■ **The problem**
Below, some lines carry pictures; leave those pictures out and retype exactly the lines from the one with "产品型号:585ml3:1手动胶枪" through the one with "성남시청소년재단(대표이사 진미석) 중원청소년수련관은".
Data for the task: Begin
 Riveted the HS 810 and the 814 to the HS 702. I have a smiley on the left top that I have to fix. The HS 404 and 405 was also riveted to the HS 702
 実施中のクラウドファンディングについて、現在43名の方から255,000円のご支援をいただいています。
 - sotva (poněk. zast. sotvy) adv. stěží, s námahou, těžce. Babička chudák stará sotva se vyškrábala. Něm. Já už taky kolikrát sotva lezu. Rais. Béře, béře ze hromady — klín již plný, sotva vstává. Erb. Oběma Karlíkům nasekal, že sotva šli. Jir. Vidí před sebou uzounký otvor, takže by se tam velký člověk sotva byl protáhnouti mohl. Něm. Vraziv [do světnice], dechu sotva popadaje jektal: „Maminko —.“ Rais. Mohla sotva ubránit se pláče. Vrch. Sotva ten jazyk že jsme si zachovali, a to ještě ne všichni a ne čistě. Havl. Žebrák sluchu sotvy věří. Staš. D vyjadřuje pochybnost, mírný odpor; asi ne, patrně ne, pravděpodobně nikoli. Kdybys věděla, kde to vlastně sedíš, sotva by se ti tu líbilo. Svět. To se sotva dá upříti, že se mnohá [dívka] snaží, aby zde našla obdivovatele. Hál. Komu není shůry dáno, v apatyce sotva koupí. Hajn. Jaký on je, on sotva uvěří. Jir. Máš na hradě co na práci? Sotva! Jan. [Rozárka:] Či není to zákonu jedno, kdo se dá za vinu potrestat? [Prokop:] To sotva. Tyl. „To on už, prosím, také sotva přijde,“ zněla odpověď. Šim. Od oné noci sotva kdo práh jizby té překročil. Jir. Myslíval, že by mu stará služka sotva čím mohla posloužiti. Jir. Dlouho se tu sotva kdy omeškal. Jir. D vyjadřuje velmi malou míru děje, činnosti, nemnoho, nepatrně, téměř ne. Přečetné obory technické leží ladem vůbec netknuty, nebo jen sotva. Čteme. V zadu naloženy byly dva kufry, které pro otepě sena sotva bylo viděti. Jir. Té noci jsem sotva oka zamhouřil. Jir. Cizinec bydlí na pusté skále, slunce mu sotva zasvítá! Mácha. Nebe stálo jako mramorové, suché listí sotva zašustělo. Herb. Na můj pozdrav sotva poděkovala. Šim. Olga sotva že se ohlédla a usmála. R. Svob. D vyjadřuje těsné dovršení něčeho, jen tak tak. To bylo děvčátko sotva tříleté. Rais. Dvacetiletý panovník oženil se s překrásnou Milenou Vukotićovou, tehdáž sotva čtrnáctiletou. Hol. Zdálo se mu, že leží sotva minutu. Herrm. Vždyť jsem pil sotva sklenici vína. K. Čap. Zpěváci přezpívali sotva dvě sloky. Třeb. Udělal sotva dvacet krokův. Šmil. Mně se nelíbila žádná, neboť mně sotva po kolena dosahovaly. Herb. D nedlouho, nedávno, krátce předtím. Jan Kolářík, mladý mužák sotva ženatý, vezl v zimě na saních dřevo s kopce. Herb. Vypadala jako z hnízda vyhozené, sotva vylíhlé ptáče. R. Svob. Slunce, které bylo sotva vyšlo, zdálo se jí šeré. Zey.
Data for the task: End
Data for the task: Begin
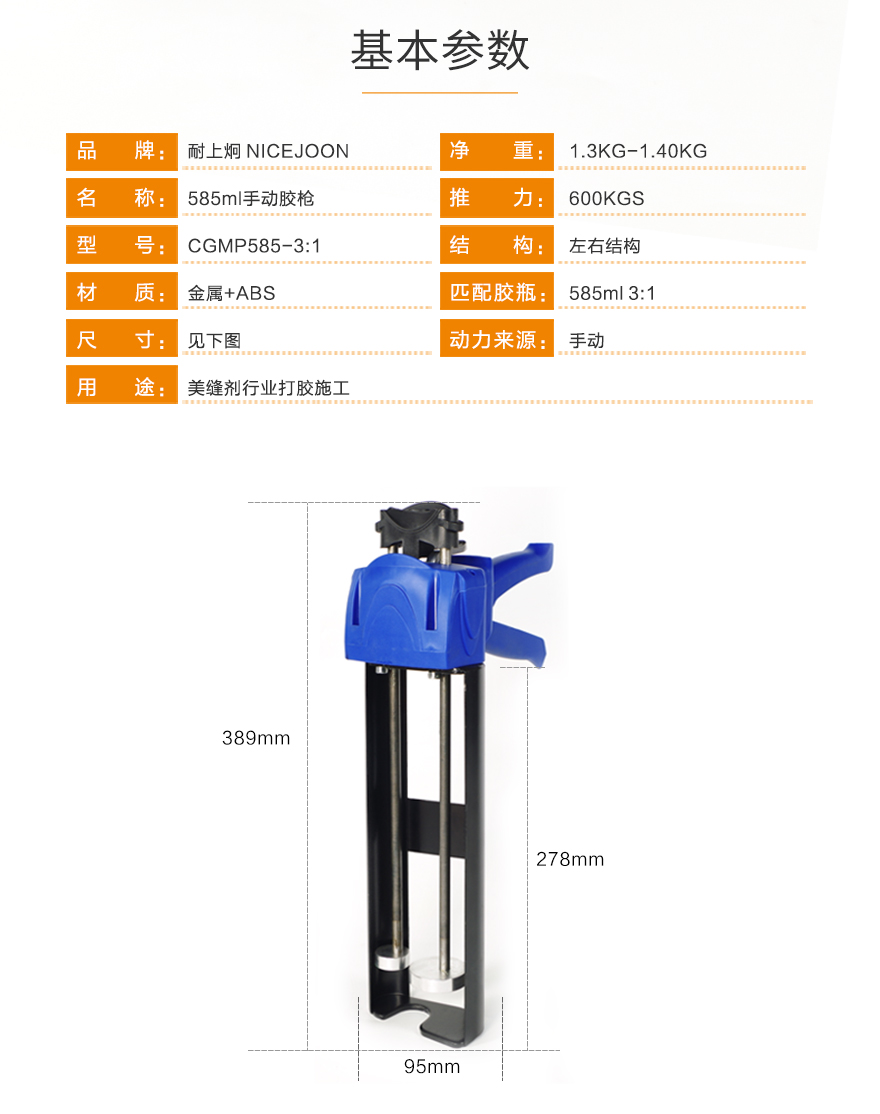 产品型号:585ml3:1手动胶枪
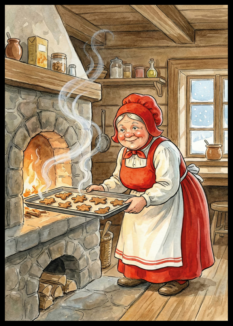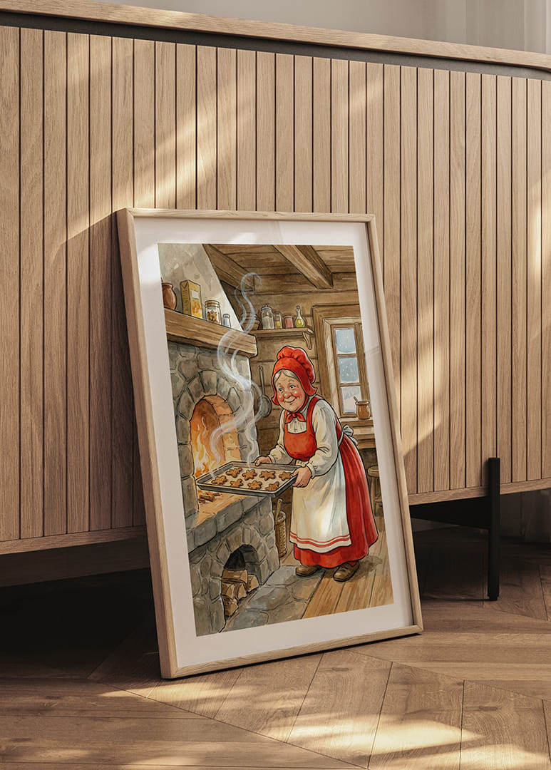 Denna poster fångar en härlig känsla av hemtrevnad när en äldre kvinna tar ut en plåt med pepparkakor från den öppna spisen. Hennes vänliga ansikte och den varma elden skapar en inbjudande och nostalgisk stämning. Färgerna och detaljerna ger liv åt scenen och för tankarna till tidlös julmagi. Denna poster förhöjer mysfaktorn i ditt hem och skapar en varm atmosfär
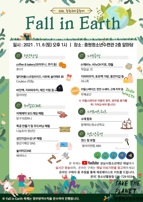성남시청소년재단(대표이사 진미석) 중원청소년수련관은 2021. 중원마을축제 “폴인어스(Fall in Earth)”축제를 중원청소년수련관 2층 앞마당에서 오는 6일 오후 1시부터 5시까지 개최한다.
Data for the task: End
■ **Solution for this exercise**
 产品型号:585ml3:1手动胶枪
 Denna poster fångar en härlig känsla av hemtrevnad när en äldre kvinna tar ut en plåt med pepparkakor från den öppna spisen. Hennes vänliga ansikte och den varma elden skapar en inbjudande och nostalgisk stämning. Färgerna och detaljerna ger liv åt scenen och för tankarna till tidlös julmagi. Denna poster förhöjer mysfaktorn i ditt hem och skapar en varm atmosfär
성남시청소년재단(대표이사 진미석) 중원청소년수련관은 2021. 중원마을축제 “폴인어스(Fall in Earth)”축제를 중원청소년수련관 2층 앞마당에서 오는 6일 오후 1시부터 5시까지 개최한다.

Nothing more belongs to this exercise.